Командира своего Федора Орешина. Кузовлев после боя и ранения так и не встречал ни разу и ничего не слыхал о нем: увезли, видно, Орешина в другой госпиталь, а может быть, помер в дороге. Вспоминал его Кузовлев частенько, а как засобирался домой, не только про Орешина, а про всех на время забыл.

Двое суток ехал он в санитарном поезде, а на третьи сутки рано утром вылез из вагона на своей станции и тихонько побрел домой, благо до деревни было не больше четырех километров, да и имущество солдатское плеч не оттягивало: постукивали в мешке котелок с ложкой да лежала пара белья.

Над полями поднималось солнце, разгоняя туман. Небо было белое и теплое, как парное молоко.

Четыре года не видел Кузовлев такого мирного неба и не слушал такой ласковой тишины! Четыре года засыпал и пробуждался он под треск и грохот стрельбы да под гуденье самолетов; четыре года глаза его видели только обгорелые, развороченные дома, да черные скелеты садов, да обезображенную траншеями и снарядными воронками землю!

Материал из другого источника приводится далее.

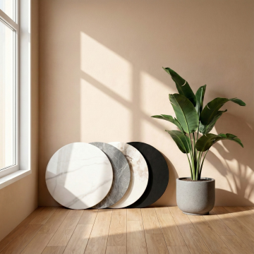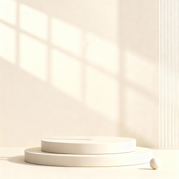 一个具有浓郁中式风格的室内场景,画面整体以米白色和原木色为主色调,营造出宁静、雅致、禅意的氛围。柔和的自然光从上方斜射下来,在背景墙上形成淡淡的光影层次,光线明亮且柔和,阴影过渡自然。画面中央偏下位置有一个圆形的原木色展台区域,展台表面光滑,边缘圆润。背景由左侧的中式木格栅、中间的圆形素色背景板和右侧的竖条木格栅组成,木格栅线条简洁规整,圆形背景板干净素雅。左侧展台旁摆放着一盆翠绿的竹子,叶片舒展,增添了生机与自然气息。整个画面构图注重留白,留空区域约占70%,形成了疏朗有致的视觉效果,展现出中式美学中“少即是多”的意境,整体风格统一、和谐,给人一种静谧、舒适、古朴而不失现代感的视觉体验。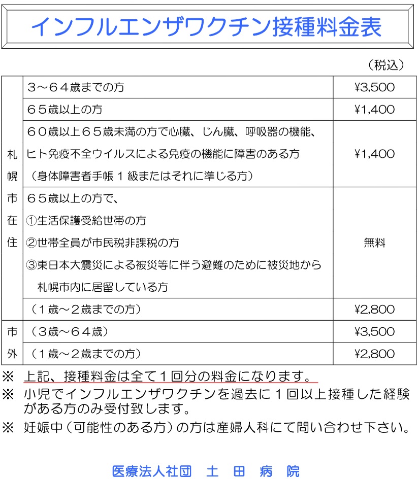 下記の日程でインフルエンザ予防接種の予約受付、接種を開始いたします。

И теперь шел он, восторженно всему удивляясь: не пули цвинькают вверху, а с ликующей песней взлетают над полем жаворонки; не снарядами взрыта, а вспаханная плугом лежит на десятки километров теплая черная земля в немом ожидании плодоносного зерна; не танк, а трактор спускается навстречу с холма, и не вражеская пехота идет за ним редкой цепью, а это шагают по большаку телеграфные и телефонные столбы, разлиновывая небо тонкими проводами.

Вправо уже зачернел знакомый ельник, а слева затолпились на лугу зеленокосые, белоногие березки, из-за которых проглянули вдруг сизые крыши колхозных домов.

Все, все до боли памятно, дорого, мило! Сколько раз долгими ночами снилась ты, родимая сторонка! Увезут хоть за пять морей, хоть на край земли, а и туда унесешь ее в сердце своем. За тысячи верст видишь твои горбатые поля, каждый твой домик, каждую скворешню.

Открыл солдат Кузовлев скрипучие ворота околицы и остановился. И сюда, видать, дошла война: палисадники около домов покосились или упали, крыши ощерились старой дранкой, на мосту обвалились перила, вон у ближнего крылечка вылетела ступенька да так и валяется в канаве.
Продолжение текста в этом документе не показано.